In the records that follow, find the line with "7時55分,升旗儀式正式開始"; from there, retype every line exactly through the line with "Jouw geboorte kaartje", which also belongs to the answer.

- The data:
++++++++

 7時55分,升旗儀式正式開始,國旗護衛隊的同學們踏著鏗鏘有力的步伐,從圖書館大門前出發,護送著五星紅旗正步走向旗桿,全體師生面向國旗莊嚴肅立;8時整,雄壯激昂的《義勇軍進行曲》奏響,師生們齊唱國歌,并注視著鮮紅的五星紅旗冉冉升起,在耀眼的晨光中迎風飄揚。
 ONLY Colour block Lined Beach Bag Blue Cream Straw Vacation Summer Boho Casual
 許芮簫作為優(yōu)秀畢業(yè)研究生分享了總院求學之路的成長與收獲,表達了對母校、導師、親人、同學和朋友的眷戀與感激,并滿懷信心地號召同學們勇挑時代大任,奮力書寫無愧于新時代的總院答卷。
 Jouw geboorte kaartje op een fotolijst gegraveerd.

++++++++

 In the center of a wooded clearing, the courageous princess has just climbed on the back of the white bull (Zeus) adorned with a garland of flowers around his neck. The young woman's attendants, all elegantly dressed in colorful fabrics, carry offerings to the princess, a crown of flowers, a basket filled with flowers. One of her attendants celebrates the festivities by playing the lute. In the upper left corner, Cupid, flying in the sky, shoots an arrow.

++++++++

- The answer:
 7時55分,升旗儀式正式開始,國旗護衛隊的同學們踏著鏗鏘有力的步伐,從圖書館大門前出發,護送著五星紅旗正步走向旗桿,全體師生面向國旗莊嚴肅立;8時整,雄壯激昂的《義勇軍進行曲》奏響,師生們齊唱國歌,并注視著鮮紅的五星紅旗冉冉升起,在耀眼的晨光中迎風飄揚。
 ONLY Colour block Lined Beach Bag Blue Cream Straw Vacation Summer Boho Casual
 許芮簫作為優(yōu)秀畢業(yè)研究生分享了總院求學之路的成長與收獲,表達了對母校、導師、親人、同學和朋友的眷戀與感激,并滿懷信心地號召同學們勇挑時代大任,奮力書寫無愧于新時代的總院答卷。
 Jouw geboorte kaartje op een fotolijst gegraveerd.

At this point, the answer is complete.